* [Material provided]
· · · · · · ·

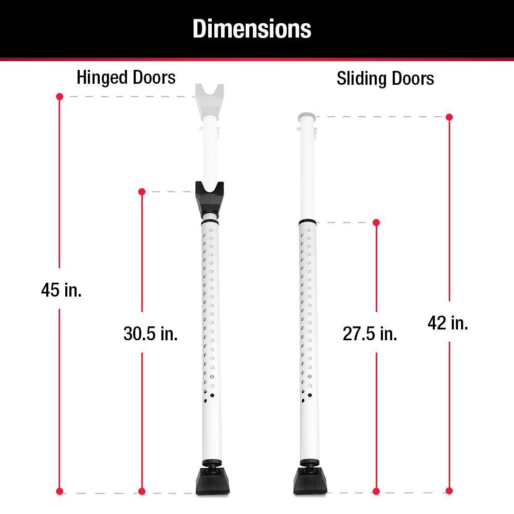 Door jammer adjusts from 27.5 in. (70 cm) to 42 in. (1.1 m) for application flexibility, top piece is easily removed for use as a sliding door security bar
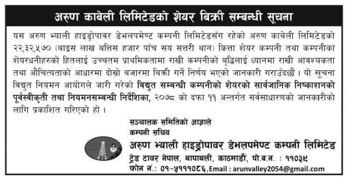 काठमाडौँ । अरूण भ्याली हाइड्रोपावर डेभलपमेन्ट कम्पनी लिमिटेडसँग रहेको अरूण काबेली पावर कम्पनी लिमिटेडको शेयर विक्री हुने भएको छ । कम्पनीले कम्पनीसँग रहेको अरूण काबेली पावरको २२ लाख ३२ हजार ५ सय ७० कित्ता शेयर कम्पनी तथा कम्पनीका शेयरधनीहरुको हितलाई उच्चतम प्राथमिकतामा राखी कम्पनीको वृद्धिलाई ध्यानमा राखी आवश्यकता तथा औचित्यताको आधारमा दोस्रो बजारमा बिक्री गर्ने निर्णय भएको कम्पनीले जनाएको छ ।
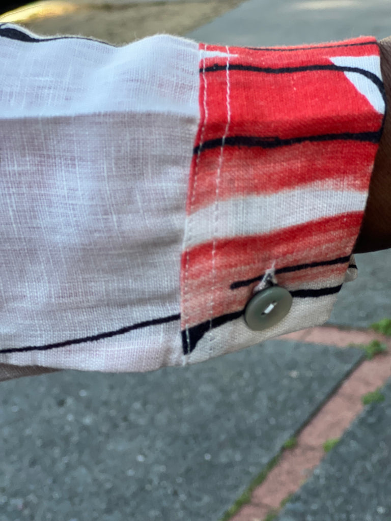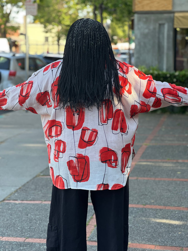 The relaxed, boxy silhouette drapes beautifully with wide sleeves and a softly structured collar. Polished shell buttons add a refined touch, while the vivid print brings a painterly elegance to everyday dressing.
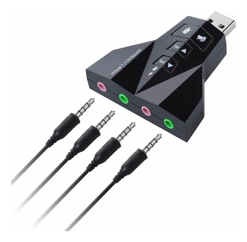 Adaptador Placa De Som Usb 7.1 Adaptador Áudio Notebook Pc Cor Preto’ é uma placa de som USB externa, portátil e fácil de usar. Basta conectar e usar.

· · · · · · ·

* [To do]
Write out the material above exactly. Skip the pictures.

* [Written answer]
 Door jammer adjusts from 27.5 in. (70 cm) to 42 in. (1.1 m) for application flexibility, top piece is easily removed for use as a sliding door security bar
 काठमाडौँ । अरूण भ्याली हाइड्रोपावर डेभलपमेन्ट कम्पनी लिमिटेडसँग रहेको अरूण काबेली पावर कम्पनी लिमिटेडको शेयर विक्री हुने भएको छ । कम्पनीले कम्पनीसँग रहेको अरूण काबेली पावरको २२ लाख ३२ हजार ५ सय ७० कित्ता शेयर कम्पनी तथा कम्पनीका शेयरधनीहरुको हितलाई उच्चतम प्राथमिकतामा राखी कम्पनीको वृद्धिलाई ध्यानमा राखी आवश्यकता तथा औचित्यताको आधारमा दोस्रो बजारमा बिक्री गर्ने निर्णय भएको कम्पनीले जनाएको छ ।
 The relaxed, boxy silhouette drapes beautifully with wide sleeves and a softly structured collar. Polished shell buttons add a refined touch, while the vivid print brings a painterly elegance to everyday dressing.
 Adaptador Placa De Som Usb 7.1 Adaptador Áudio Notebook Pc Cor Preto’ é uma placa de som USB externa, portátil e fácil de usar. Basta conectar e usar.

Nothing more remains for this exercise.